Introduction to SpatialExperiment

Quick Start

Load the package.

library(SpatialCellExperiment)

Generate some toy data representing a spatial single-cell RNA-sequencing experiment for 100 cells associated with 3D coordinates:

• a count matrix u
• a matrix of cell coordinates

ncells <- 100
u <- matrix(rpois(20000, 5), ncol=ncells)
v <- log2(u + 1)

coordinates <- matrix(runif(ncells*3), ncells)
colnames(coordinates) <- c("x", "y", "z")

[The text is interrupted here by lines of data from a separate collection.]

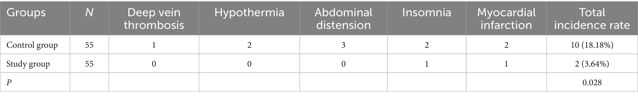 6. The incidence of postoperative adverse reactions (deep vein thrombosis, hypothermia, abdominal distension, insomnia and myocardial infarction) in 2 groups was observed.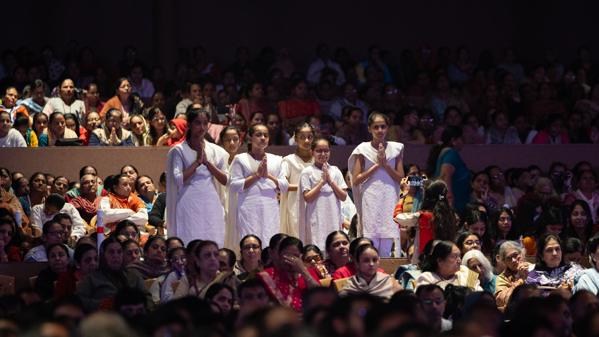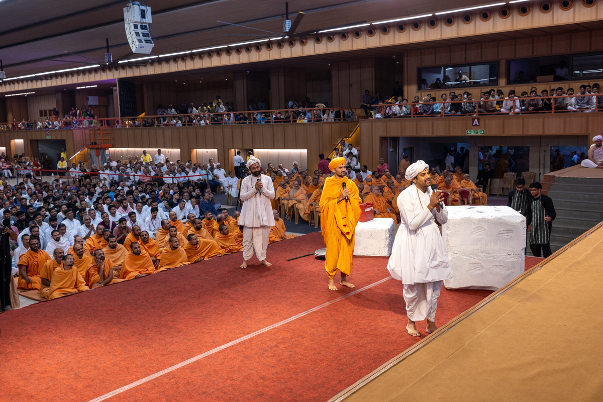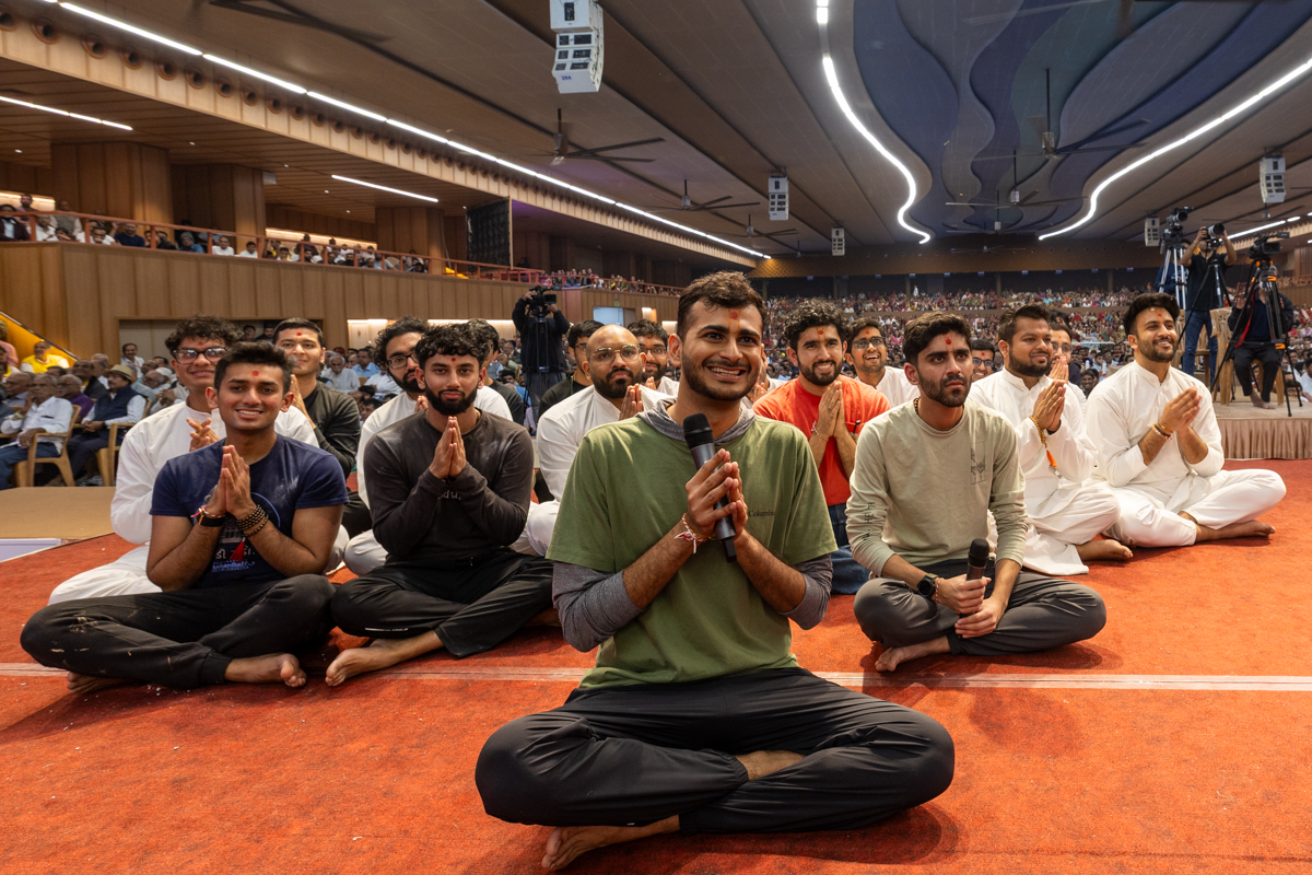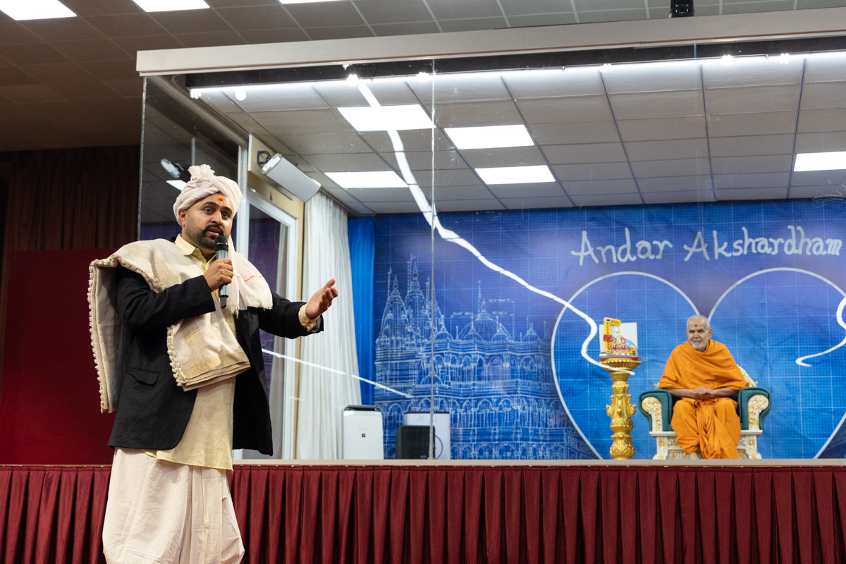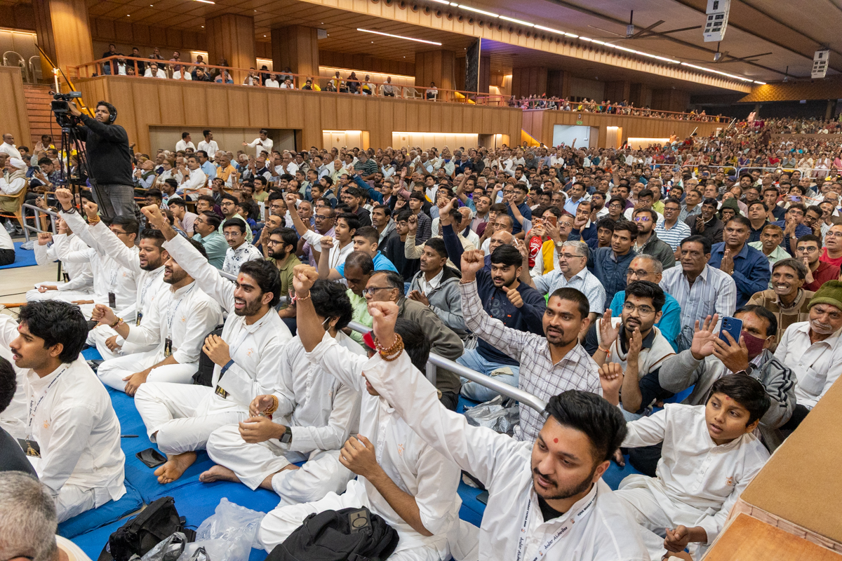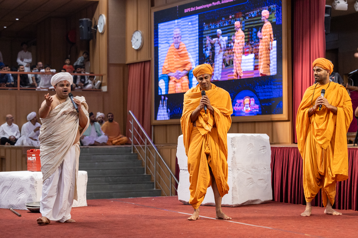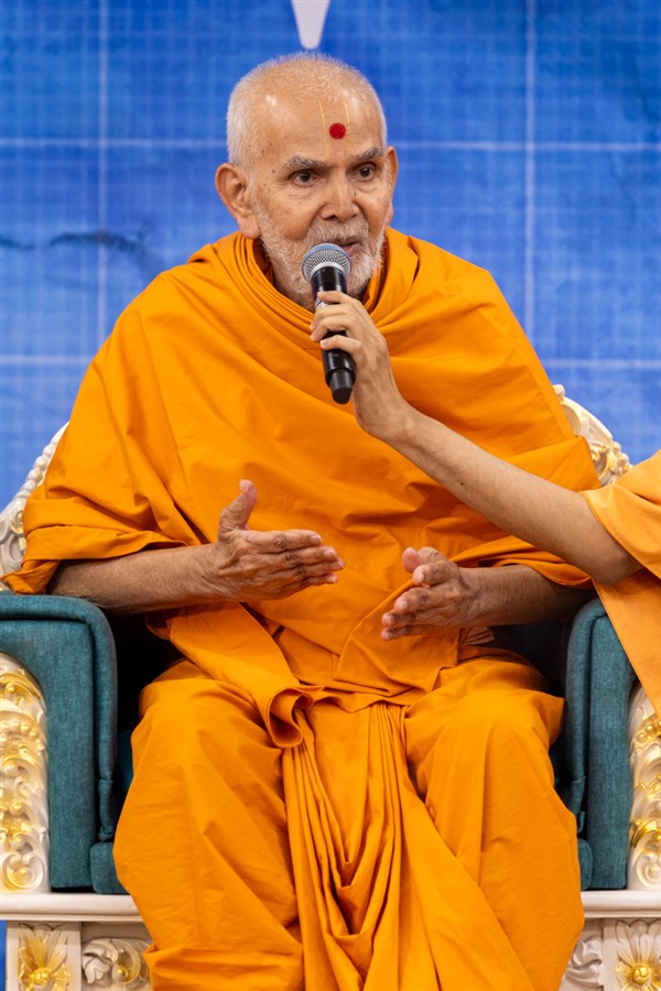 Balaks lead everyone in reciting the sadhana mantra and daily prayer in Swamishri's puja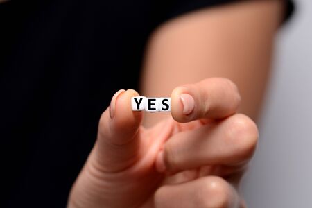 YES word from white plastic letter blocks in woman hand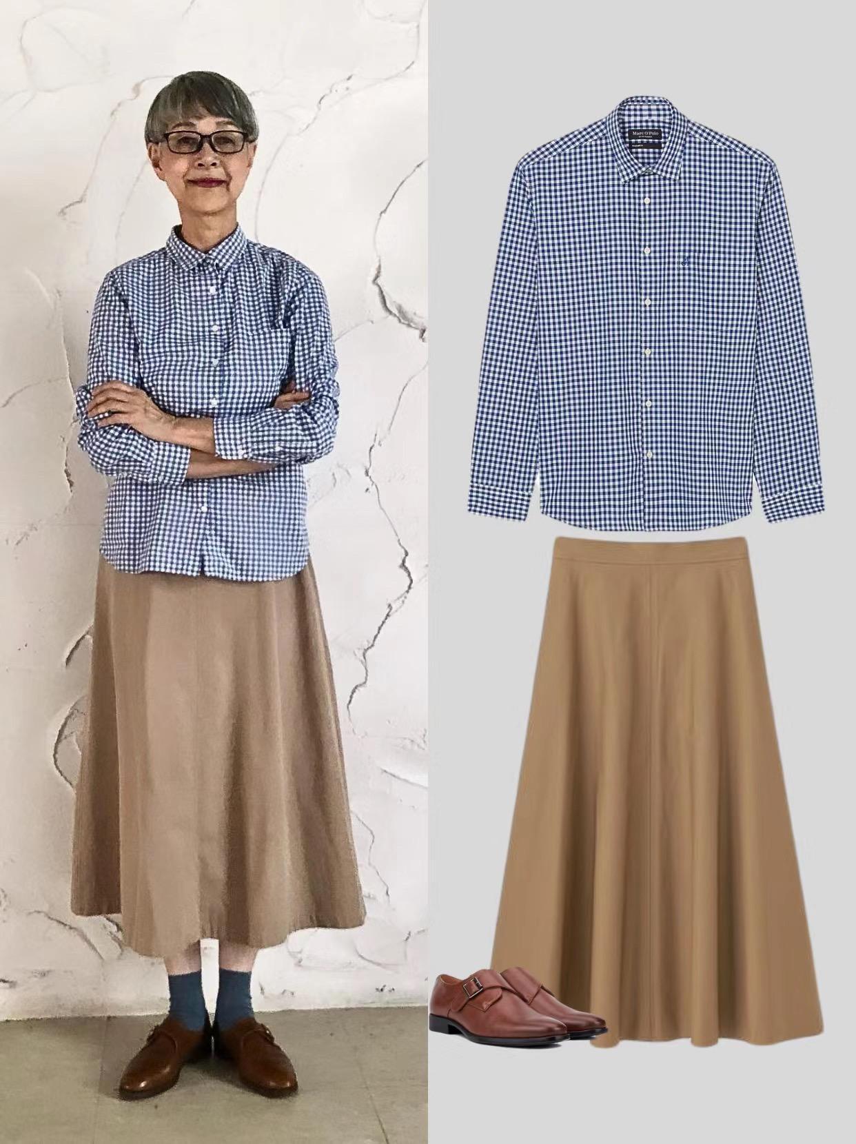 藍白格子襯衫,搭卡其色半身裙、棕色皮鞋,上班通勤也很有腔調。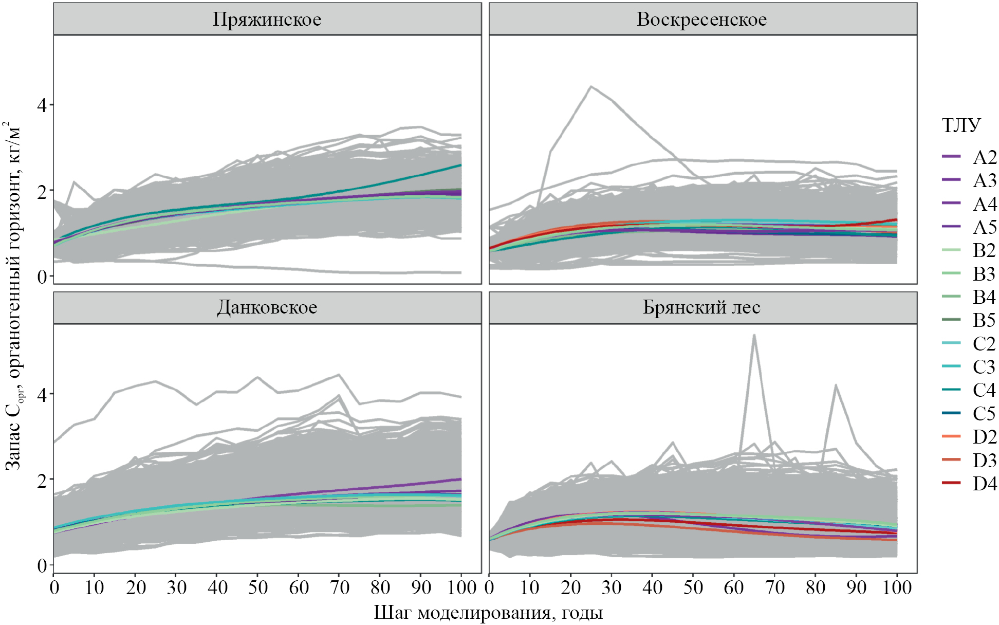 Обработка данных. Расчеты запасов ПОВ для временного отрезка 100 лет с шагом 1 год выполняли для каждого таксационного выдела с учетом соответствующих ему начальных характеристик древостоя (видовой состав, возраст и другие таксационные показатели) и почвенных данных (запасы Сорг и Nобщ в органогенных горизонтах лесной подстилки и органо-минеральной части профиля, гранулометрический состав и др.). В качестве средней оценки динамики показателей для разных вариантов ТЛУ на каждом из объектов исследования использовали медианные значения. Проведены расчеты стока углерода в почвах за 100 лет для территорий объектов исследования на основе суммирования данных всех таксационных выделов с учетом занимаемой ими площади. Также для территорий исследования оценивали накопление углерода в древостоях и других компонентах лесных экосистем, что позволило определить вклад почв в нетто-поглощение углерода.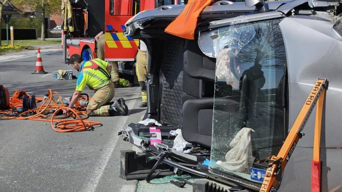 In Zonnebeke moest een auto donderdagnamiddag plots uitwijken bij het inhalen van een tractor. De wagen belandde op z’n zijkant en de 25-jarige bestuurster werd bevrijd door de brandweer.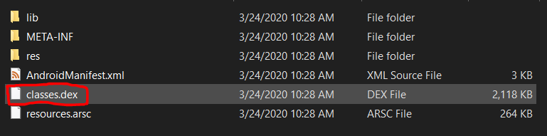 Trong các file giải nén ra có 1 file class.dex, file này chứa các class trong code java. Các lập trình viên sẽ thường code app Android bằng java/kotlin. Khi compile thì các file class sẽ được nén lại thành 1 file dex.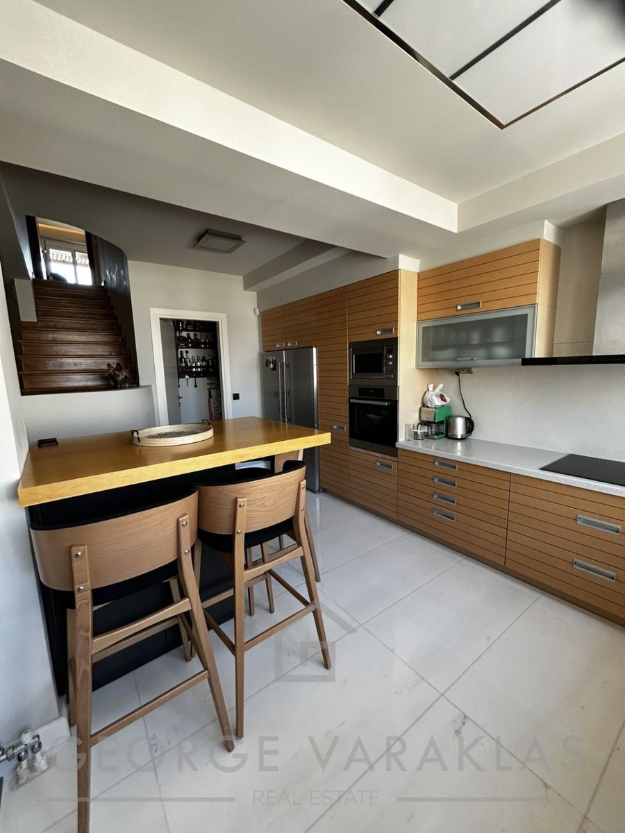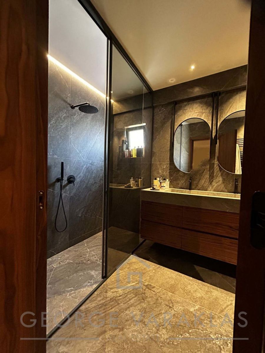 Η κατοικία ανακαινίστηκε πλήρως το 2024, διαθέτει ανεξάρτητη θέρμανση με αντλία θερμότητας, τζάκι, A/C, αποθήκη, κλειστή θέση στάθμευσης και ανελκυστήρα. Τα κουφώματα είναι αλουμινίου με διπλά τζάμια και τέντες, τα δάπεδα είναι μάρμαρο στους κοινόχρηστους χώρους και ξύλο στα υπνοδωμάτια, ενώ η κουζίνα είναι επώνυμη ιταλικής κατασκευής.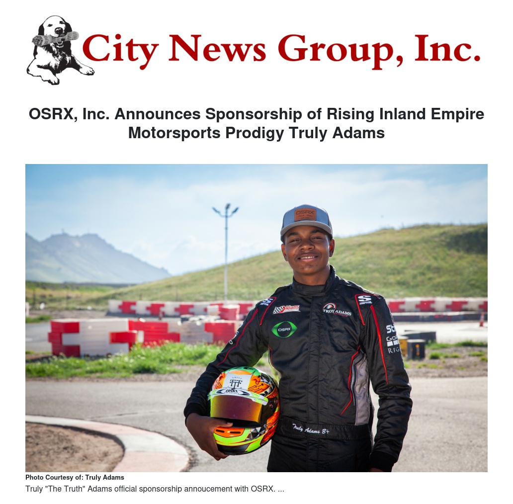 OSRX, Inc. Announces Sponsorship of Rising Inland Empire Motorsports Prodigy Truly Adams by Justus Baker-Postell - City News Group, Inc.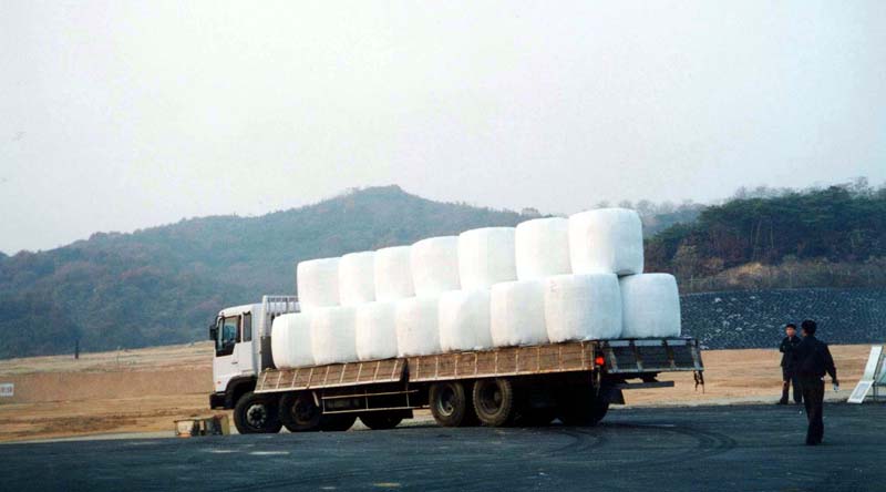 Diese Deponie außerhalb der Stadt Jeonju nimmt Abfälle aus Jeonju und zweier kleineren Städte in der Nähe an, d. h. es werden insgesamt täglich 600 Ballen an Haushaltsabfällen und Biomüll (30 %) an diese Deponie geliefert. Mitte November 2001 wurde drei von unseren Maschinen in Betrieb genommen, die bedeckt von einem Dach an 6 Wochentagen 10 Stunden am Tag arbeiteten.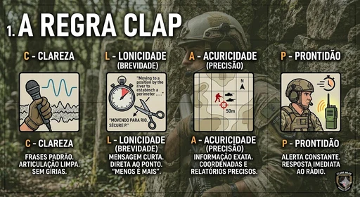 No Clube Bear, a rede rádio é um recurso partilhado e limitado. Se um operador ocupa a rede com conversa desnecessária, pode estar a impedir que um colega reporte um contacto inimigo ou peça assistência médica. A comunicação tática baseia-se em quatro princípios fundamentais, conhecidos como a regra CLAP.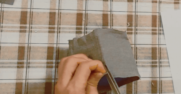 3. 4면을 감싸주었나요? 저처럼 통보다 길게 나온 천 모서리 쪽을 조금씩 잘라주세요.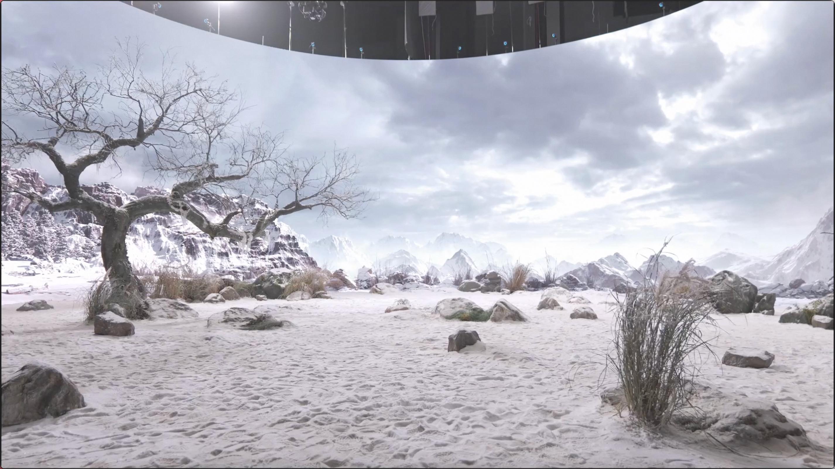 乍一看到这幅雪景图,许多人会认为这是真实存在的场景。实际上,这是一个“半真半假”的场景——前面的雪地、石块和荒草是真实布景,后面绵延起伏的山峦则是LED屏呈现。

Create a SpatialCellExperiment.

sce <- SpatialCellExperiment(assays=list(counts=u, logcounts=v),
    spatialDim=coordinates)

Visualize the SpatialCellExperiment.

sce
#> class: SpatialCellExperiment 
#> dim: 200 100 
#> metadata(0):
#> assays(2): counts logcounts
#> rownames: NULL
#> rowData names(0):
#> colnames: NULL
#> colData names(0):
#> reducedDimNames(0):
#> spikeNames(0):
#> altExpNames(0):
#> spatialDim(3): x y z

The SpatialCellExperiment class

In the SpatialCellExperiment class, each cell is represented by a point coordinates. This is clearly an over-simplification that does not reflect the geometry of individual cells in a tissue sample. However, this lightweight representation allows rapid calculation of the distance between cells.

The CRAN package sf provides support for simple features, a standardized way to encode spatial vector data. This could be used to implement a SpatialPolygonExperiment class, holding the precise geometry of cells, along with the usual metadata for genes and libraries.

An intermediate modelling approach could be to summarize observations by tile, i.e., regular areas dividing the observed space evenly. Each tile would then summarize the features detected in the correspondig area. Note that tiles could be rectangles, hexagons, or any polygon that can divide a plane into a regular mesh. This could be implemented as a SpatialTileExperiment. Distinct polygons might require specialized sub-classes.